To further confirm the role of GAE active constituent in UC treatment, DMB, was tested using the same model. The results showed that TNBS treatment caused markedly weight loss in the model group, whereas mice treated with DMB were dramatically protected from weight loss and colon shortening in a dose-dependent manner (Figures 2A, C, D). Consistently, a similar trend was found in food and water intake (Figure 2B). Moreover, as shown in Figure 2G, DMB treatment ameliorated TNBS-stimulated DAI. We found that DMB treatment significantly inhibited TNBS-induced rectal bleeding and diarrhea and reduced TNBS-induced production of bloody stools and damage score (Figures 2E, F, H).

FIGURE 2

Figure 2 Desmethylbellidifolin (DMB) alleviates trinitrobenzenesulfonic acid (TNBS)-induced ulcerative colitis. Rat were injected with TNBS through the anus. After 24 h, DMB was administrated orally in 5% gum acacia at 5, 10, and 20 mg/kg BW, respectively, for the DMB group, while the Balsalazide sodium tablets (BST) group and model group received the same volume of 5% acacia water solution with or without 1 g/kg BST for consecutive 10 days. The indicators were measured body weight (A), weight of food, and volume of waters (B). Colons were isolated and photographed (C). Colon lengths were measured (D). Diarrhea score (E), rectal bleeding (F), disease activity index (G), and damage score (H) were calculated. Data are presented as mean ± SD, and *, **, and *** indicate P < 0.05, P < 0.01, and P < 0.001, respectively.
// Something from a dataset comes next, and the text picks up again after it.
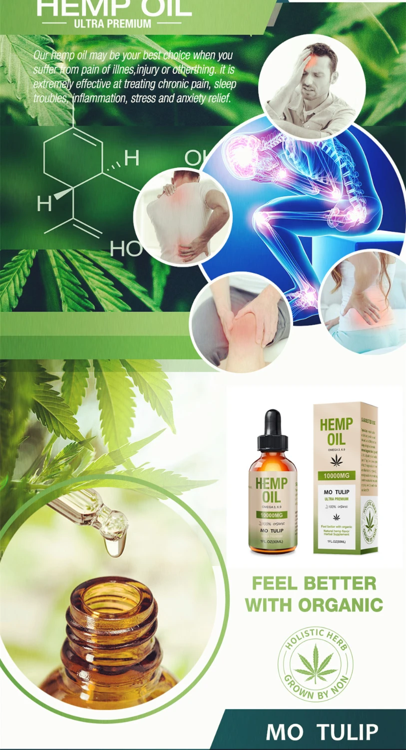 | MO TULIP 30ml 10000mg Hemp CBD Organic Essential Oil Hemp Seed Oil Herbal Drops Body Relieve Stress Oil Skin Care Help Sleep |

Next, we measured the effects of DMB on colorectal histology in rat with TNBS-induced colitis. As shown in Figure 3A, DMB treatment showed the alleviated morphological alteration and lower inflammation level with scattered infiltration of monocytes in TNBS-treated rat. Compared to the Model group, DMB treatment could protect the intestinal integrity in all colonic layers (Figure 3B). In addition, the glutathione level was induced by DMB administration in the colon (Figure 3C). The MPO activity is a marker of neutrophil infiltration, which plays an extremely important role in polymorphonuclear infiltration. As shown in Figure 3D, DMB treatment significantly inhibited TNBS-induced MPO activity. Taken together, these results suggested that DMB reduced TNBS-induced acute colitis.

FIGURE 3

Figure 3 Desmethylbellidifolin (DMB) improve colorectal histology in trinitrobenzenesulfonic acid (TNBS)-induced acute colitis rat model. Representative HE staining image (A). Microscopic score (B). Colonic glutathione (GSH) and myeloperoxidase (MPO) levels (C and D). Data are representative of four separate experiments with similar results. Data are presented as mean ± SD, and *, **, and *** indicate P < 0.05, P < 0.01, and P < 0.001, respectively.

GAE and DMB Inhibits Mice Intestine Smooth Muscle Contraction

We investigated the effects of GAE and DMB on intestinal smooth muscle spontaneous contraction. As shown in Figure 4, both GAE (100, 150, and 200 µg/ml) and DMB (10, 20, and 30 µg/ml) prominently inhibited the active tension on intestine smooth muscle contractions in a concentration-dependent manner. However, active frequency was not altered by the GAE or DMB treatments.

FIGURE 4

Figure 4 Gentianella acuta extract (GAE) and desmethylbellidifolin (DMB) inhibit mice intestine smooth muscle spontaneous contraction. The isolated distal colonic strips were longitudinally mounted in an organ bath, and the contractile response to GAE or DMB was recorded. Active tension on spontaneous contractions of intestine smooth muscle (A, B and D, E). Active frequency on spontaneous contractions of intestine smooth muscle (C and F). Data are expressed as means ± SD (n = 7); * and *, **, and *** indicate P < 0.05, P < 0.01, and P < 0.001, respectively.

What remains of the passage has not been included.